**DATA SHOWN**
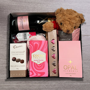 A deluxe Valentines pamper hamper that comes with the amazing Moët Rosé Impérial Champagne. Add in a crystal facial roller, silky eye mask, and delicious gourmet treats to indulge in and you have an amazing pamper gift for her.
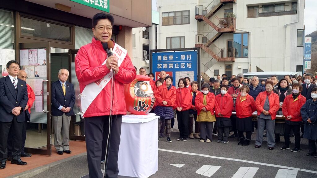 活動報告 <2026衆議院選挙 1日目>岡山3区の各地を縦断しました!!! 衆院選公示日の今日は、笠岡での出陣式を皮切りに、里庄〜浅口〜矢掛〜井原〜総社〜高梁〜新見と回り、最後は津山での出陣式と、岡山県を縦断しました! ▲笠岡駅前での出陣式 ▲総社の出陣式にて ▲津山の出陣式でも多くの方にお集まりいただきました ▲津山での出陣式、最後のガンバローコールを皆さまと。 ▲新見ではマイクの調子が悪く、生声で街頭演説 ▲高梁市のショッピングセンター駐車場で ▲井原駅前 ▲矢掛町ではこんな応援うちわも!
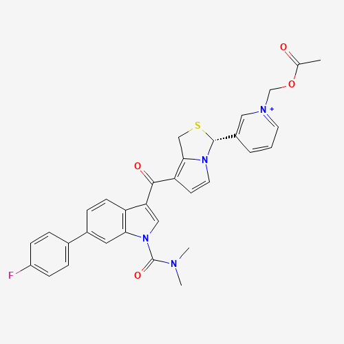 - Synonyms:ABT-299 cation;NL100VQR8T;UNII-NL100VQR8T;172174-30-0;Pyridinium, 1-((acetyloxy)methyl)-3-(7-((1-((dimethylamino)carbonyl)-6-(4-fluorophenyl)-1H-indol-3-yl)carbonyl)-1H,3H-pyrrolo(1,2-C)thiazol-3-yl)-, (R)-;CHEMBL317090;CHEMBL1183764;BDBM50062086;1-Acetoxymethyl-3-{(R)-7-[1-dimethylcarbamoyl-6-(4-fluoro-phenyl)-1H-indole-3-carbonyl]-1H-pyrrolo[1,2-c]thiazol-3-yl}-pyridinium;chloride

...

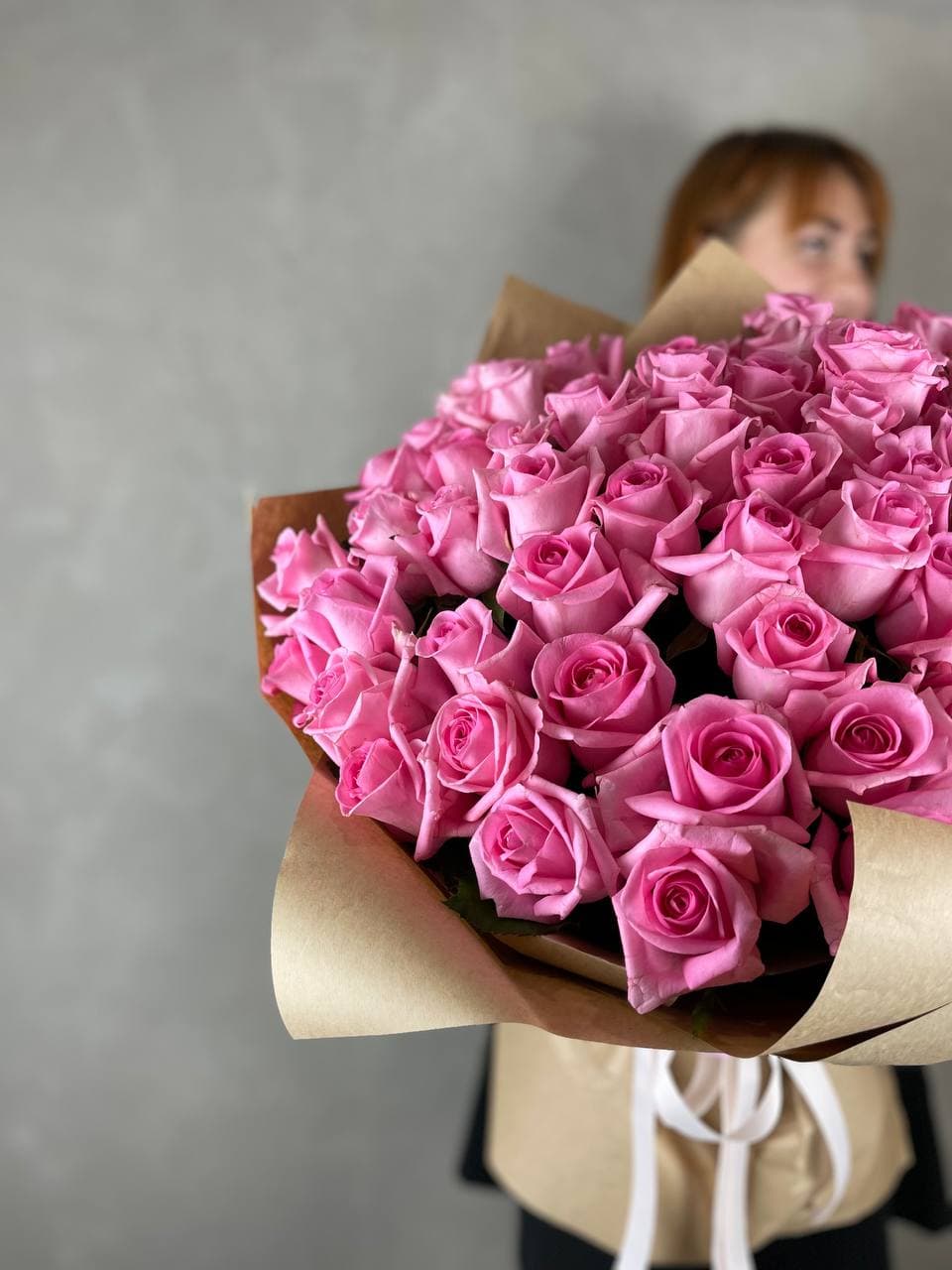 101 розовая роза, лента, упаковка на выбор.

**WHAT TO WORK ON**
In the records above, everything from the line with "A deluxe Valentines" down to the line with "活動報告 <2026衆議院選挙 1日目>岡山3区の各地を縦断しました!!!" must be duplicated exactly, both lines kept. Leave no pictures in.

**RESULT OF THIS TASK**
 A deluxe Valentines pamper hamper that comes with the amazing Moët Rosé Impérial Champagne. Add in a crystal facial roller, silky eye mask, and delicious gourmet treats to indulge in and you have an amazing pamper gift for her.
 活動報告 <2026衆議院選挙 1日目>岡山3区の各地を縦断しました!!! 衆院選公示日の今日は、笠岡での出陣式を皮切りに、里庄〜浅口〜矢掛〜井原〜総社〜高梁〜新見と回り、最後は津山での出陣式と、岡山県を縦断しました! ▲笠岡駅前での出陣式 ▲総社の出陣式にて ▲津山の出陣式でも多くの方にお集まりいただきました ▲津山での出陣式、最後のガンバローコールを皆さまと。 ▲新見ではマイクの調子が悪く、生声で街頭演説 ▲高梁市のショッピングセンター駐車場で ▲井原駅前 ▲矢掛町ではこんな応援うちわも!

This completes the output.